GOAL OF THE EXERCISE
Return the lines of the material below exactly, beginning with the line that has "Profesjonalny pas monterski." in it and finishing with the line that has "Megan Rapinoe of" in it. Leave all pictures aside.

INFORMATION GIVEN
--*--
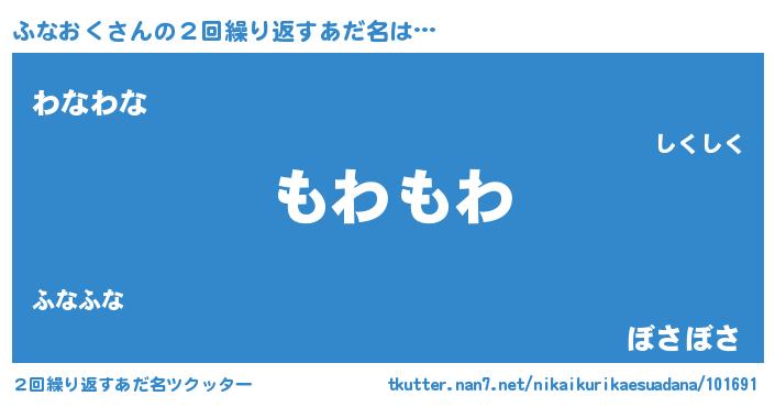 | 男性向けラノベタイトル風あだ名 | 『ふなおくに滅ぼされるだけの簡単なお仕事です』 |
--*--
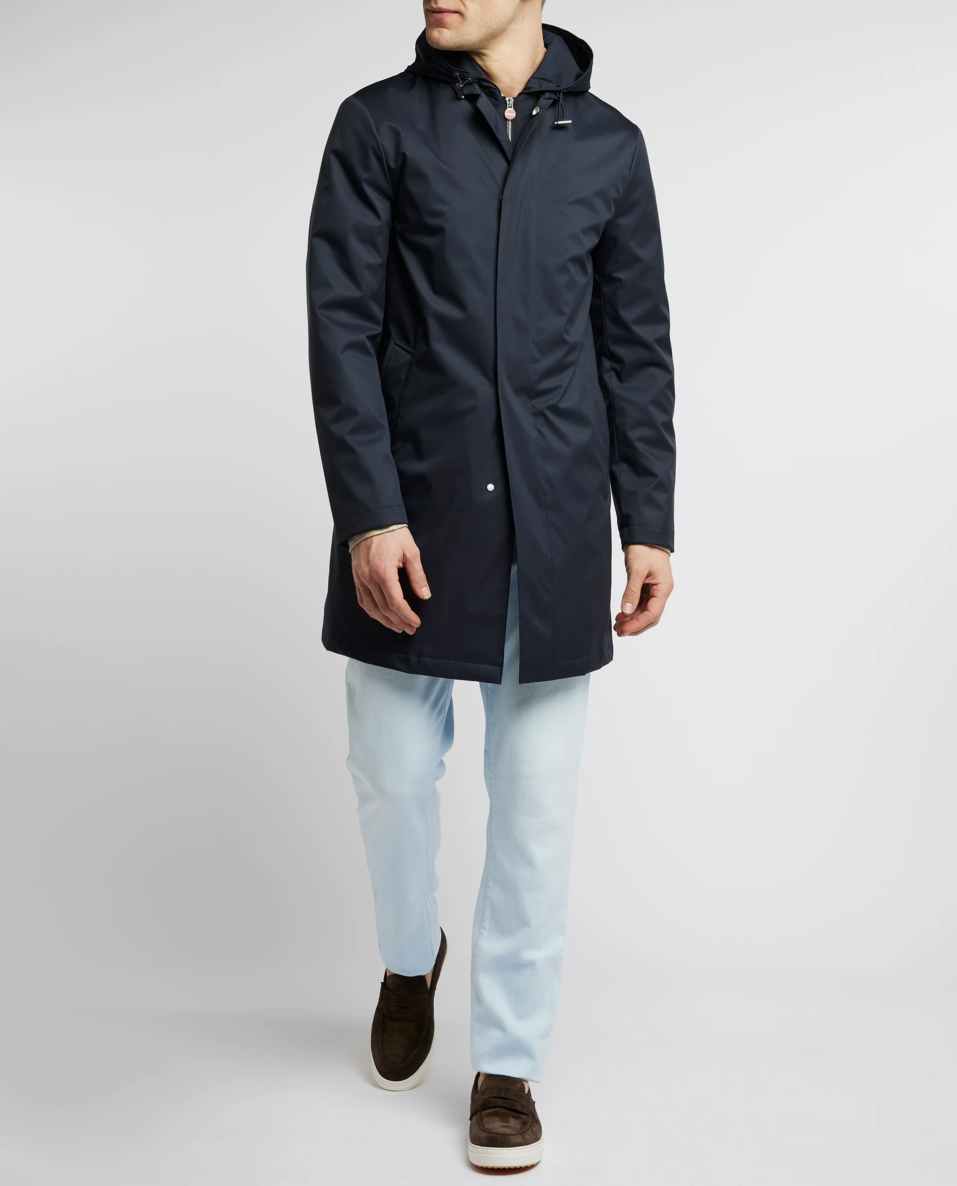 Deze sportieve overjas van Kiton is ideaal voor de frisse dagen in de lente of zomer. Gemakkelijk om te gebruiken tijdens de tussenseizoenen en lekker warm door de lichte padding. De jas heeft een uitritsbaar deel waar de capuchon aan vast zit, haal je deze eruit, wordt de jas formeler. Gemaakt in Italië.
--*--
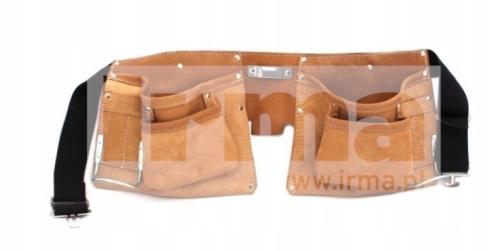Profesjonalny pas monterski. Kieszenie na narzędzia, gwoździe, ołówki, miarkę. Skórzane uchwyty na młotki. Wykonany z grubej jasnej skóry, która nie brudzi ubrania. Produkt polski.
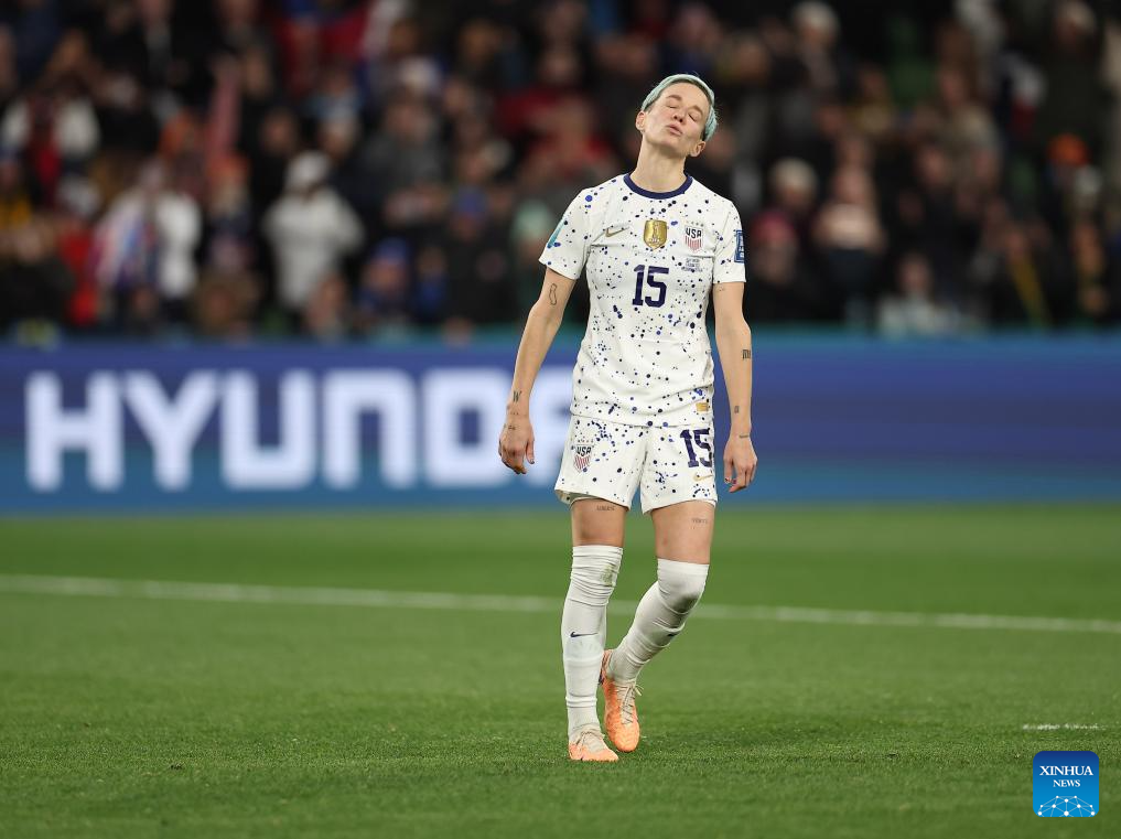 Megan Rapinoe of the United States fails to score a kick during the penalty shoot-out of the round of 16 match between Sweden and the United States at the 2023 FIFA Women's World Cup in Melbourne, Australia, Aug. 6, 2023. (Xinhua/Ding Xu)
--*--
FINAL ANSWER
Profesjonalny pas monterski. Kieszenie na narzędzia, gwoździe, ołówki, miarkę. Skórzane uchwyty na młotki. Wykonany z grubej jasnej skóry, która nie brudzi ubrania. Produkt polski.
 Megan Rapinoe of the United States fails to score a kick during the penalty shoot-out of the round of 16 match between Sweden and the United States at the 2023 FIFA Women's World Cup in Melbourne, Australia, Aug. 6, 2023. (Xinhua/Ding Xu)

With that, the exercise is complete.